使用 Python RE 解析文件,并在找到的字符之间插入换行符
Parse file using Python RE, and insert line break between the characters found
我有一个文件,每当我发现这些字符时我都需要插入一个换行符:}{
它出现了一千多次,所以我需要能够遍历文件的每一行(大约 4k 行)
我的正则表达式很烂,我试过的是:
order_item = re.compile("\}{", re.I)
# creates the file
f = open("orderProductsStructuredDataFinal001", "w", encoding='utf-8')
# opens up the file with the unstructured data, and use it as a iterator
with open('orderProductsStructuredData3') as inf:
for line in inf:
order = [ast.literal_eval(op) for op in re.findall(order_item, line)]

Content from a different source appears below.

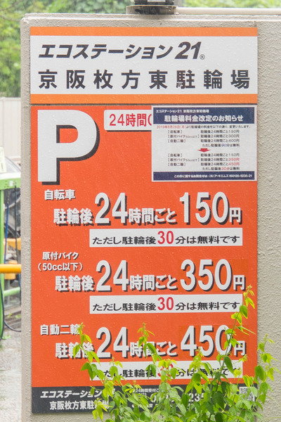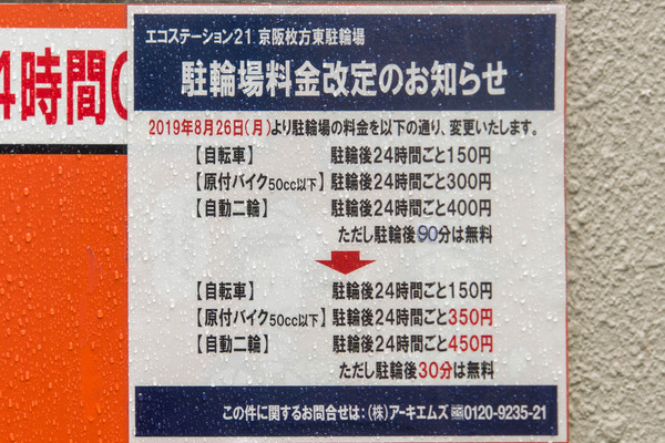 枚方市駅近くにある駐輪場「エコステーション21 京阪枚方東駐輪場」の無料時間が90分から30分に短縮されています。

# ta-da! Now do something with the order
f.write("\n".join(str(x) for x in order))
# closes the file
f.close()
编辑:
with open('orderProdcutsStructuredData3') as inf, open('orderProdcutsStructuredData3') as ("orderProdcutsStructuredDataFinal001", "w", encoding='utf-8'):
for line in inf:
line = line.replace('}{', '}\n{')
f.write(line)
你快完成了...:[=15=]
with open('orderProductsStructuredData3') as inf:
for line in inf:
line = line.replace('}{', '}\n{')
f.write(line)
请注意,此特定任务不需要 RE,只需替换字符串。
作为旁注,只需将其嵌入到您正在编写的文件的另一个 with
中——没有理由为它切换到打开和关闭...!即:
with open("orderProductsStructuredDataFinal001", "w", encoding='utf-8') as f:
with open('orderProductsStructuredData3') as inf:
for line in inf:
line = line.replace('}{', '}\n{')
f.write(line)
您可以将两个 open
放在一个 with
中,以达到类似的效果;但在这种情况下,它们太长了,我认为这会降低可读性。
我有一个文件,每当我发现这些字符时我都需要插入一个换行符:}{
它出现了一千多次,所以我需要能够遍历文件的每一行(大约 4k 行)
我的正则表达式很烂,我试过的是:
order_item = re.compile("\}{", re.I)
# creates the file
f = open("orderProductsStructuredDataFinal001", "w", encoding='utf-8')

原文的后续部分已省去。